■ **Task directions**
Could every line below be transcribed exactly, with the pictures dropped?

■ **Collected data**
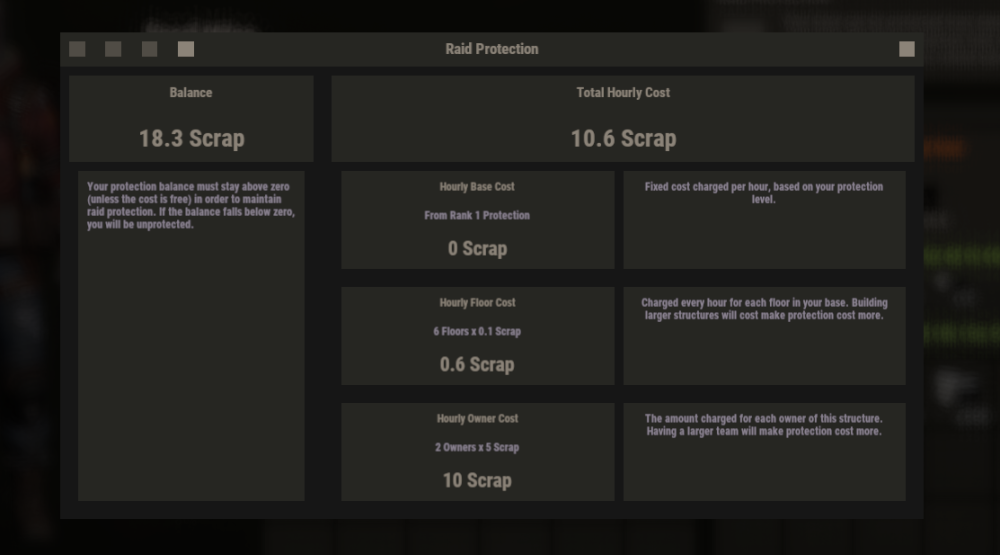 21. Another suggestion: Let this work together with the No Escape plugin that blocks things in combat or raid. I am thinking of a block that won't let players activate Raid Protection while in Combat or Raid. This way players won't be able to suddenly decide to raid their base in the middle of being raided which would be very unfair and disappointing for the raiders.
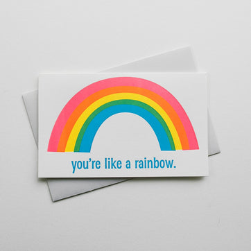 This sweet letterpress Valentine's Card reads 'you're like a rainbow' and features a bright and bold rainbow. A great way to tell someone you love how much they improve your day!
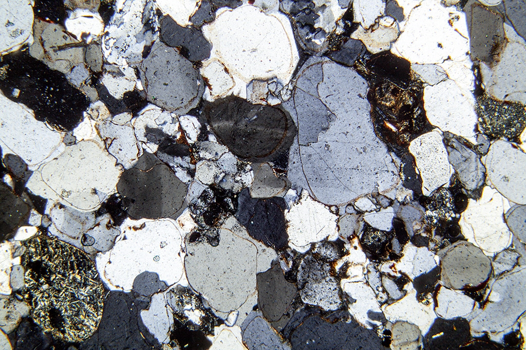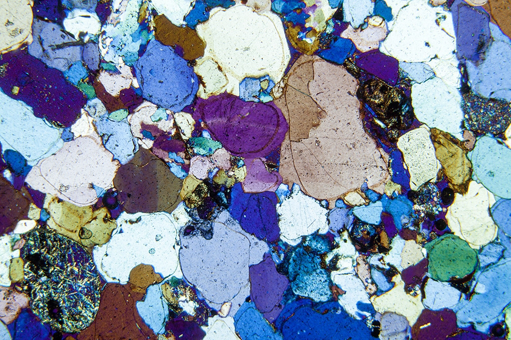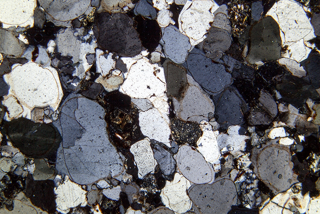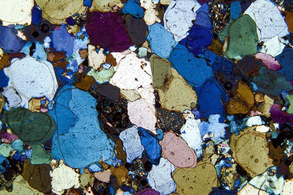Zum Glück für die Öl- und Gasindustrie, für die Länder mit den entsprechenden Vorkommen und damit auch für uns, wurden aber auch ein paar weniger stabile Minerale (z.B. Feldspäte) und Gesteinsbruchstücke (v.a. Vulkanite) mit eingebettet. In Deinem Schliff sieht man zwei davon etwas unterhalb der Mitte und eines am oberen Bildrand auf 1 Uhr. Im Kontakt mit tiefen, heißen Wässern wurden diese Körner zum Teil gelöst und gaben dem bis dahin extem dichten Sandstein wieder ein bisschen von seiner früheren Porosität zurück. Genug jedenfalls, um Platz für Öl und insbesondere Erdgas zu bieten, wie wir es auch in Deutschland fördern (bzw. aus den Niederlanden, Norwegen und Großbritannien kaufen). Kurz: Rotliegend-Sandsteine (und dieser sieht sehr danach aus) sind Europas wichtigstes Erdgas-Speichergestein.

■ **Your solution**
 21. Another suggestion: Let this work together with the No Escape plugin that blocks things in combat or raid. I am thinking of a block that won't let players activate Raid Protection while in Combat or Raid. This way players won't be able to suddenly decide to raid their base in the middle of being raided which would be very unfair and disappointing for the raiders.
 This sweet letterpress Valentine's Card reads 'you're like a rainbow' and features a bright and bold rainbow. A great way to tell someone you love how much they improve your day!
Zum Glück für die Öl- und Gasindustrie, für die Länder mit den entsprechenden Vorkommen und damit auch für uns, wurden aber auch ein paar weniger stabile Minerale (z.B. Feldspäte) und Gesteinsbruchstücke (v.a. Vulkanite) mit eingebettet. In Deinem Schliff sieht man zwei davon etwas unterhalb der Mitte und eines am oberen Bildrand auf 1 Uhr. Im Kontakt mit tiefen, heißen Wässern wurden diese Körner zum Teil gelöst und gaben dem bis dahin extem dichten Sandstein wieder ein bisschen von seiner früheren Porosität zurück. Genug jedenfalls, um Platz für Öl und insbesondere Erdgas zu bieten, wie wir es auch in Deutschland fördern (bzw. aus den Niederlanden, Norwegen und Großbritannien kaufen). Kurz: Rotliegend-Sandsteine (und dieser sieht sehr danach aus) sind Europas wichtigstes Erdgas-Speichergestein.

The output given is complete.